Figure 5 Detection and validation of risk-related markers of MIBCs. (A) Venn plot shows the overlaps of differentially expressed genes among TCGA and two subsets of GSE48277. (B) Correlation between tumor risk score and expression level of KRT7. TCGA data was used to perform this analysis. Both Pearson correlation coefficient (R) and P-value were calculated. (C) Representative images of KRT7 IHC staining in different risk types and corresponding H&E staining. (D) KRT7 protein expression was significantly decreased in high-risk MIBC specimens compared with low-risk MIBC tissues by IHC. For the details of calculating IHC score, please see Materials and methods.

Discussion

Different levels of omics data could present diverse tumor landscape from different angles. It is required to integrate multi-omics data to describe the relations between clinical outcomes and molecular characteristics, then get a comprehensively understanding of cancer. In the present study, we construct an autoencoder-based deep learning framework to integrate CNV, gene expression, miRNA expression, as well as CpG methylation results to classify MIBC into two prognostic subtypes. The subtype S2 shows a significantly higher risk on overall survival and some specific genetic characters compared with the other subtype. We construct a robustness MIBC subtyping model depending on different omics layers and assessed the prognostic value in both internal and external validation datasets. We also detected KRT7 as a biomarker to reflect the risk of MIBC.
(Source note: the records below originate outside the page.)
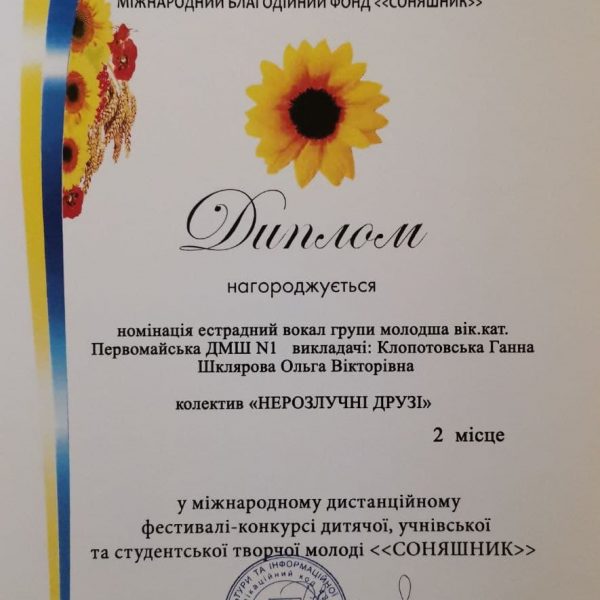 Вітаємо Марунич Діану та викладача Клопотовську Ганну Михайлівну з престижним 2 місцем на Міжнародному фестивалі — конкурсі «Golden Fest»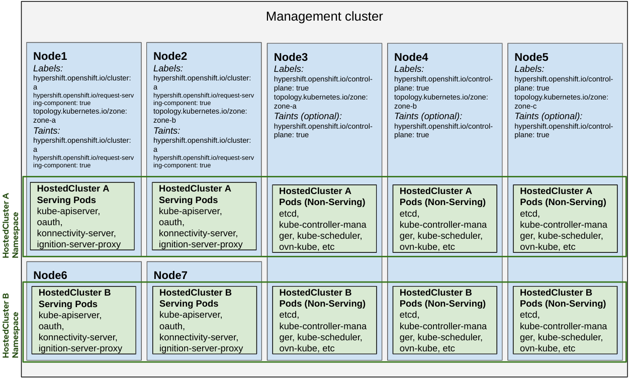 HyperShift enables implementing the strategy to colocate and isolate pods for Hosted Clusters. As a management cluster operator you can leverage the following Node labels and taints: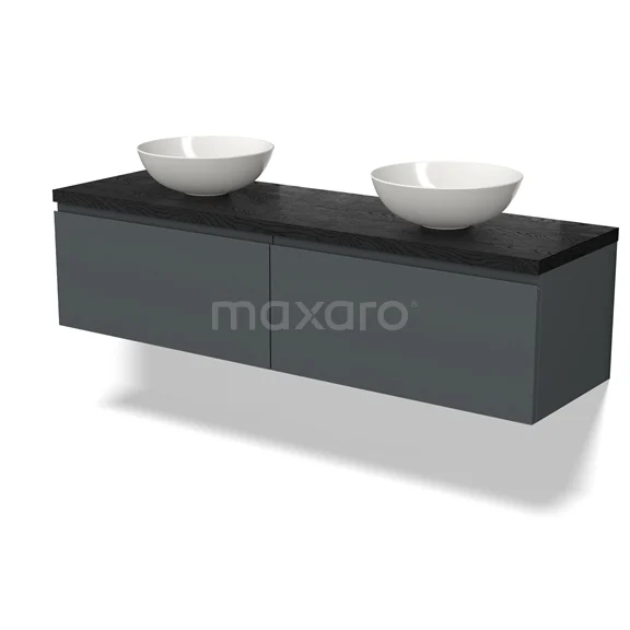 Modulo Plato Badmöbel mit Aufsatzwaschbecken | 160 cm Dunkelgrau Grifflos front Schwarze Eiche blatt 2 nebeneinanderliegende Schubladen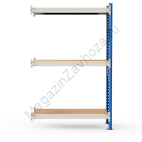 • Дополнительная секция состоит из комплекта окрашенных рам, балок и полок. • Дополнительная секция присоединяется к раме основного стеллажа. Нагрузочные характеристики при этом сохраняются. • Технология крепления балки к стойкам - безболтовая, на зацепах. Такой подход значительно уменьшает время сборки и установки стеллажа. Конструкция позволяет менять положение полок без демонтажа всей секции. • Ярус хранения включает в себя две продольные балки, соединенные между собой поперечной балкой и настил из ДСП. • Допустимое минимальное количество ярусов хранения на каждую секцию - не менее трёх штук. • Для предотвращения случайного съёма балок яруса с рам предусмотрен фиксатор, устанавливаемый в конце сборки в прямоугольное отверстие каждого зацепа. • Стеллаж комплектуется необходимой фурнитурой для сборки. • Стойки окрашены полимерной (порошковой) краской RAL 5015 синего цвета или RAL7035 светло-серого цвета, балки окрашены в RAL7035 светло-серого цвета.

We found that in the poor prognosis group, chromosome 3p had a significantly higher frequency of deletions. Many tumor suppressor genes are located on chromosome 3p, including TP53, VHL, MLH1, TGFBR2, THRB, RARB, and FHIT. Loss of one copy of chromosome 3p is one of the most frequent and early events in human cancer, found in 96% of lung tumors and 78% of lung preneoplastic lesions (19). For cervical carcinoma (CC), researchers found that chromosome 3p deletions in precursor CIN lesions were smaller than the 3p losses found in the associated invasive CC (20). 3p arm loss has been associated with poorer prognosis for head and neck cancer as determined by reduced disease-free and overall survival of patients at early disease stage (21). These results suggest that the loss of chromosome 3p plays an important role in the occurrence and development of bladder cancer, and further analysis is needed. We detected 26 differentially mutated genes between S2 and S1. Some of these genes have been reported in previous tumor studies. For example, NFE2L2 (the most significant gene that mutated in 16% of S2 but 4% in S1) has been reported in types of cancers. NFE2L2 has long been considered a cytoprotective transcription factor, which is essential for the defense against oxidative stress, and activation of the NFE2L2 pathway has been proposed as potential preventive strategy against carcinogenesis due to its function as a master regulator of the expression of antioxidant and detoxifying enzymes (22, 23). Reduced expression of NFE2L2 are associated with poor outcome in breast cancer (24), ovarian cancer, and prostate cancer (25), but with favorable prognosis in cervical cancer (26), adrenocortical carcinoma, and kidney renal clear cell carcinoma (25), highlighting the dual role of NFE2L2 in cancer. Remarkably, both mutation and CNA comparation show that TGF beta receptor was significantly altered in S2, indicating that the TGF-β signaling plays important roles in the prognostic impact in MIBC. One of the effects of this pathway is to enforce the immune homeostasis and tolerance, and disturbance of this pathway may influence the immune microenvironment of tumor. Interestingly, we found a variety of significant changes in immune cells between S1 and S2.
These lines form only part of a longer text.